They're both, you know, highly enjoyable records. I, you know, immensely enjoy listening to them both. But the one on the left is exactly like an AC/DC record; a band whose career has been making the same album fifteen times, and who may bless their lucky stars that it happens to be a good album. And the one on the right is supple, varied, beautiful, often powerful and haunting, and best of all sounds like nothing else (not even too much like the previous Elbow albums).
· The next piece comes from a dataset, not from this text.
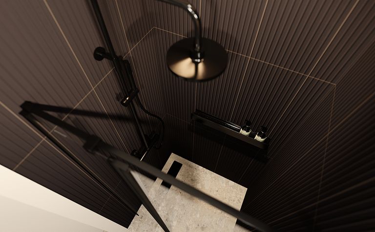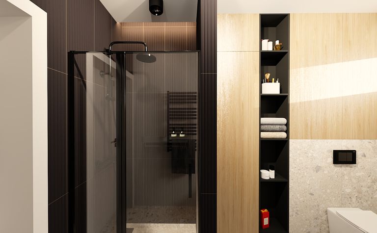 Łazienka z czarnymi elementami i nowoczesnym prysznicem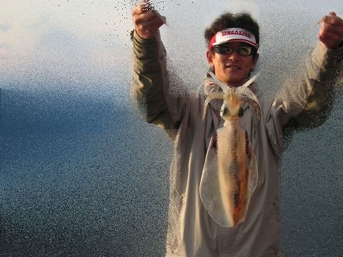 今回はこの秋の釣行でもっとも厳しい釣行となりました。昨夜から知人がエギングを教えて欲しいとのことだったので(人に教えるような腕ではありませんが(^^ゞ)夜中の1時くらいからエギングを開始しました。風も波もなく湖のように穏やかで釣りはし易いけど、潮が動いてないのか中々反応がありません(-_-;)5投目にしてようやく1杯15センチのまずまずサイズをGET!(デジカメ忘れたので写真はありません(^_^;)しかし今日はこの知人に釣ってもらわなければ意味ありません(^^ゞまあ、イカはいてるし釣れることを証明できたのでまずは士気上げ成功!知人にシャクリ方やフォールなどを教えてようやく知人も豆イカGET!初めてあたりが分かったそうで嬉しそうでした!しかし後が中々続かず朝4時までやって僕が9杯、知人2杯と凡釣になってしまいました(-_-;)でもやっぱり夜はサイズアベレージが15センチと型は揃ってました。その後は知人と別れて、ブログ仲間の内っちゃんと朝7時に合流!久しぶりのご対面です(^^♪挨拶を交わし状況を聞くとここもどうやら渋いよう・・・。でも気分一新!2投目で乗ってくれました(^^♪サイズは今までやってきた場所よりもアベレージが2センチほど大きい印象を受けました。初めての釣り場で今までしたことがない釣り方ができたので楽しかったです。内っちゃんありがとうございました(^^♪ここでアオリ12杯とコウイカ1杯を追加し、夕方までダラダラ粘るも風もキツクなり、濁りが入ってきたので15時納竿としました。内っちゃんは夕方の時合い狙いで粘るとのことでしたがその後はどうなったのでしょうか?ブログ結果が楽しみです。徹夜ランガンで21杯の釣果と中々くたびれる釣行でしたが、エギングの楽しさを知人に感じてもらえたので良しとしときます(^^ゞ☆本日の釣果 アオリ21杯 + コウイカ1杯☆本日の最大 16センチ☆今期TOTAL 322杯

So what was I thinking? I was thinking: 'they're both great; but let's be honest The Seldom Seen Kid is a much more grown-up record than Black Ice.'
And then I rebethought: wait a minute. Am I really using my critical vocabulary correctly? Do I really believe that 'grown-up' is synonymous with sophisticated, and 'infantile' with unsophisticated? ... Because, when ye get right down to it, that's the difference between the two: grown-up Elb-and-oh singing about divorces and being a lapsed Catholic from Bury; and superannuated adolescents AC/DC singing about 'rock and roll trains' (rock and roll is amongst other things a euphemism for sex, you know) 'blowing your mind' (they mean receiving oral sex, I think) and 'dancing all night' (bless! the very idea ... at your ages ... etc). But the more I think about it the more convinced I become that it's a mistake to equate sophistication with chronological age. People tend to become less, not more, sophisticated as they get older: more deeply embedded in their habtius, more world-weary, more monotonous. It is children who are the real sophisticates, capable of inflections and nuance and intensities of emotion most adults have long left behind. And so it proves with these two records; the one a brilliant, almost magnificent, account of the unsophistication of life as a grown-up, the other a sheerly wonderful homage to the sophistication of guitar riffs.
Also one especially striking lyric on the Elbow (from 'An Audience with the Pope': the line in question is '...and wait for the jaw-bell to ring'; made me think of the knockout punch) turns out to be a mishearing. It's just 'doorbell' sung in a Bury accent.